Hier ist ein kritischer Kommentar zur verwendeten Übersetzung angebracht Recktenwald übersetzt das Wort ‚Masters‘ im Englischen nicht wortgetreu, sondern als ‚Unternehmer‘, was man als irreführend ansehen kann. Gerade weil das Wort ‚Meister‘ für einen modernen Leser noch Assoziationen mit stark hierarchischen Betrieben wecken kann, das Wort ‚Unternehmer‘ aber weniger, lässt er hier Smith moderner erscheinen, als er ist. Die Bezeichnung ‚Unternehmer‘ gab es wahrscheinlich im 18. Jahrhundert genauso wenig wie die Bezeichnung ‚Kapitalist‘; aber was Adam Smith hier beschreibt ist der Kapitalismus mit dem Gegensatz der Interessen von Arbeiter und Kapitalist.

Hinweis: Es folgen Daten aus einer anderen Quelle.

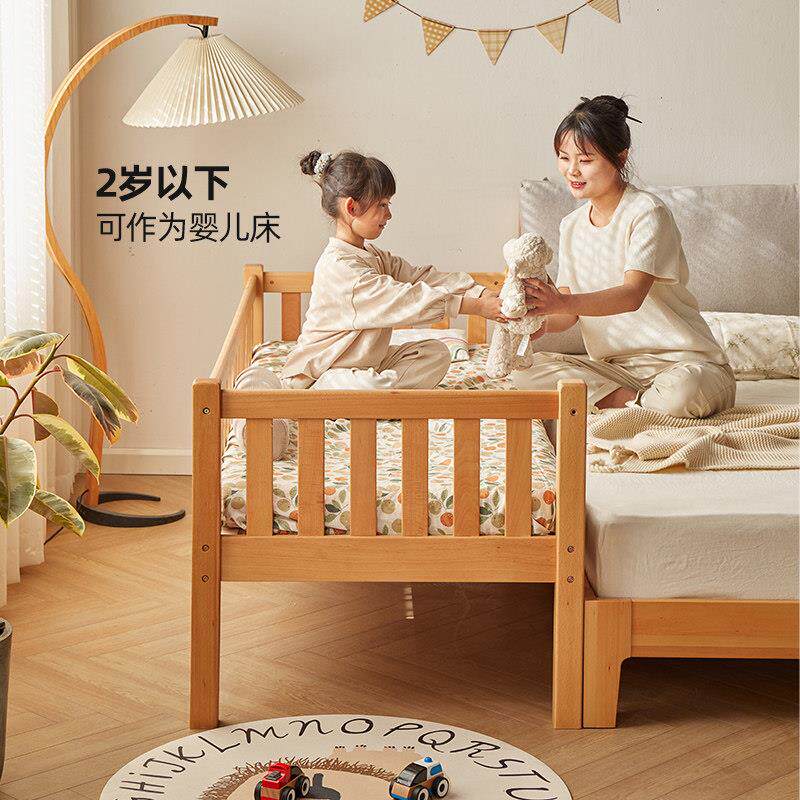 金多喜榉木儿童床带护栏小床婴儿男孩女孩拼接床边床加宽拼接大床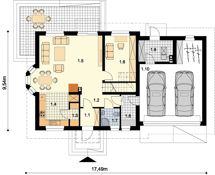 Площадь застройки дома — 154,54 м² — это площадь, которую дом занимает на земельном участке. Это важный параметр, который помогает оценить, сколько места останется для участка, сада, зон отдыха или детской площадки.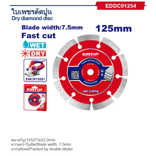 EMTOP รุ่น EDDC01254 ใบเพชรตัดปูน ขนาด 5นิ้ว ใบตัดปูน ใบตัดหิน ใบตัดแห้ง ใบตัดเปียก ใบเลื่อย

Smiths Kritik am Zunftwesen
Adam Smiths Betonung des Rechtes auf den Ertrag der eigenen Arbeit verdient eine etwas ausführlichere Betrachtung: „Das Eigentum, das jeder Mensch an seiner Arbeit besitzt, ist in höchstem Maße heilig und unverletzlich., weil es im Ursprung alles andere Eigentum begründet. Das Erbe eines armen Mannes liegt in der Kraft und dem Geschick seiner Hände, und ihn daran zu hindern, beides so einzusetzen, wie er es für richtig hält, ohne dabei seine Nachbarn zu schädigen, ist eine offene Verletzung dieses heiligsten Eigentums, offenkundig ein Übergriff in die wohlbegründete Freiheit des Arbeiters […]“ (a.a.O., S. 106) Wieso ist dies für Smith so wichtig, dass er einen Superlativ benutzt, und die Arbeitskraft als „the most sacred property“ des Menschen beschreibt?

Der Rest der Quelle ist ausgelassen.